The best way to summarize it. I still dont understand why people put taxes as a concern to not invest in stock. I guess some people just dont know basic financials

VMware new2dagame Nov 27, 2020

You see, I want free money, but not if I could have had more of it instead of giving it to poor people

Walmart Crash&Burn Nov 14, 2020

You can also pay $0 taxes with that strategy when that family member runs away with you money.

Magic Leap VRzD02 OP Nov 14, 2020

You have an interesting family Sir

Google puff puff Nov 15, 2020

You haven’t lived long enough ma’am.
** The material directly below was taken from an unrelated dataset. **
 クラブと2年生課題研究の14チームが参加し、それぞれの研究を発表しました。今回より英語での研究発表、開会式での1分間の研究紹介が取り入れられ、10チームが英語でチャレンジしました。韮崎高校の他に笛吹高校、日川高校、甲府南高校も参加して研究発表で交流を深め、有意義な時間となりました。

Hurts worse than the loss of the money.

Jet GgcE62 Nov 14, 2020

Ideas: long term capital gains

Magic Leap VRzD02 OP Nov 14, 2020

Thanks, one good input. So no way for short term trading, I see

Facebook public2 Nov 14, 2020

Shouldn't short term trade anyway unless you are trying to lose money to lower your taxes. You can write off 3k cap loss per year

Facebook public2 Nov 14, 2020

1) Never sell 2) If you do sell, sell after 1+ year

LinkedIn YUzH07 Nov 14, 2020

If you are not a resident you’ll pay 33% tax, no matter on how long you hold them

Carta cNWL57 Nov 14, 2020

Are you sure, LinkedIn?

Optum Xanadoo Nov 14, 2020

Depending on the value, I wouldn't try money laundering at federal scale...esp now as the IRS will be out for blood. Go long term and hope biden doesn't pass his 40% capital gains tax

State Farm Jake from Nov 14, 2020

It’s for capital gains of $1m+

Expedia Group notanymore Nov 14, 2020

Taxes apply to short term trading profits. If you dont want to owe taxes, you could adopt a buy high sell low strategy, really stick it to the IRS....show them who's boss.

Optum Xanadoo Nov 14, 2020

False

Expedia Group notanymore Nov 14, 2020

Whaddaya mean "false" ? my strategy (for OP) is sound....if he loses money on his trades, no taxes owed. It's a lot better than his idea of giving family members money to trade stocks on his behalf. That has disaster written all over it....

Google nJ3pC6 Nov 14, 2020

Wait will Biden increase capital gains tax to 40%? Oh man...

Optum Xanadoo Nov 14, 2020

Yes. This is why folks should focus on policy and not whatever you want to call this past election

Google nJ3pC6 Nov 14, 2020

I hope the election is nullified.

Blink Health yt4fg Nov 14, 2020

On the other hand, if you have losses you can't deduct it at 33 percent rate. And you will have to deal with gift tax rules or prove that it wasn't a gift to irs. I'd strongly advise against this idea if you want peace of mind. If you do invest in family member account, keep it under 10k.

Amazon irunknee Nov 14, 2020

Buy, hold, and never sell. For better results, buy BRK.B, hold, never sell, and never pay dividend tax drag.

Citadel C++23 Nov 15, 2020

BRK underperforms the market in the past decade though...

Amazon irunknee Nov 15, 2020

Maybe if you’re very selective with which 10 year timeframe. 98% of them, no.

Amazon doceyjon Nov 14, 2020

You have to pay taxes for Robinhood trades???? Why is this not in their T&Cs? I will never financially recover from this!